## Material supplied
- - -
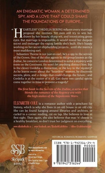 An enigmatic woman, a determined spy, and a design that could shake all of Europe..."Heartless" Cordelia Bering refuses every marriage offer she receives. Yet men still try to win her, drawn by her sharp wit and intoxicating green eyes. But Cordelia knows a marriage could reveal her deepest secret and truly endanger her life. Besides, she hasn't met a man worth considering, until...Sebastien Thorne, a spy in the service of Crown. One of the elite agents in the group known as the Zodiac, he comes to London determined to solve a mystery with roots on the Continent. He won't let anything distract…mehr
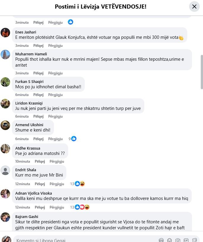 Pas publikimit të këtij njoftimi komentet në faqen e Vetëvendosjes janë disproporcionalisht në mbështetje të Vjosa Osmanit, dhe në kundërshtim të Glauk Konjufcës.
- - -
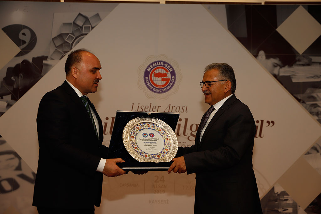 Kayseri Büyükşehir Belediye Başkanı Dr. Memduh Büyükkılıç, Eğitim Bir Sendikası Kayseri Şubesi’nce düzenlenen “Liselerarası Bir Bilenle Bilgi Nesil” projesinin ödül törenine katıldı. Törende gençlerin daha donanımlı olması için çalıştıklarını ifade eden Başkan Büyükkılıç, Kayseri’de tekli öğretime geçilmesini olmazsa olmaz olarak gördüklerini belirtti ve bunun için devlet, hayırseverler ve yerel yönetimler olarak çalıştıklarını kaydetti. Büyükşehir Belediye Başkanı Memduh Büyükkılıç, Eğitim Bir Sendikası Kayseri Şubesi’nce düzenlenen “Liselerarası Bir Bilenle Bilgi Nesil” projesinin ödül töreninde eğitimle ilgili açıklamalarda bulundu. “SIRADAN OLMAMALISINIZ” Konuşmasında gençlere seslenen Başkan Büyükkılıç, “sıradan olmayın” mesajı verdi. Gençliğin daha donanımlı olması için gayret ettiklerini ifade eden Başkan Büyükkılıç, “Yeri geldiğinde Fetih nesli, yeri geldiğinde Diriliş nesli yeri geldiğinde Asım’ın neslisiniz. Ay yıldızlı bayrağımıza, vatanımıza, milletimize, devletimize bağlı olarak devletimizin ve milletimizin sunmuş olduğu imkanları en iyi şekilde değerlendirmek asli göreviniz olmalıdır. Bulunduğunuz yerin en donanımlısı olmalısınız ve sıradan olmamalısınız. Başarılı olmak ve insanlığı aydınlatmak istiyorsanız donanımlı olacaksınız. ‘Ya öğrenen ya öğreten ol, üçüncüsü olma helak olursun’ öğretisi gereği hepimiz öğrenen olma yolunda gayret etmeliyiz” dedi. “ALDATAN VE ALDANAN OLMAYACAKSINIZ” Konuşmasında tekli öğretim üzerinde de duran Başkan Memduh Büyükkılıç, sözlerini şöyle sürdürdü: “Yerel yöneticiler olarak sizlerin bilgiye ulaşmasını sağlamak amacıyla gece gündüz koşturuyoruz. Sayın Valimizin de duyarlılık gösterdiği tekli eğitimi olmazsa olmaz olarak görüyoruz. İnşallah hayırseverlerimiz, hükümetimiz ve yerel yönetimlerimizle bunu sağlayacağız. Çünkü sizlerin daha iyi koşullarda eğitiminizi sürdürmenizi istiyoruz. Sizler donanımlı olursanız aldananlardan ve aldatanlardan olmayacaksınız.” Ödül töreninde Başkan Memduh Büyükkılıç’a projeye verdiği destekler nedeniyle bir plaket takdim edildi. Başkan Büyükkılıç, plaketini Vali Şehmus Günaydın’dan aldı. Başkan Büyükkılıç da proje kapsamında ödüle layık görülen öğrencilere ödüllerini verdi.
- - -
## The task
Above are the records. Copy only the lines from the one with "An enigmatic woman, a" through the one with "Pas publikimit të", exactly, with no pictures.

## Solution
 An enigmatic woman, a determined spy, and a design that could shake all of Europe..."Heartless" Cordelia Bering refuses every marriage offer she receives. Yet men still try to win her, drawn by her sharp wit and intoxicating green eyes. But Cordelia knows a marriage could reveal her deepest secret and truly endanger her life. Besides, she hasn't met a man worth considering, until...Sebastien Thorne, a spy in the service of Crown. One of the elite agents in the group known as the Zodiac, he comes to London determined to solve a mystery with roots on the Continent. He won't let anything distract…mehr
 Pas publikimit të këtij njoftimi komentet në faqen e Vetëvendosjes janë disproporcionalisht në mbështetje të Vjosa Osmanit, dhe në kundërshtim të Glauk Konjufcës.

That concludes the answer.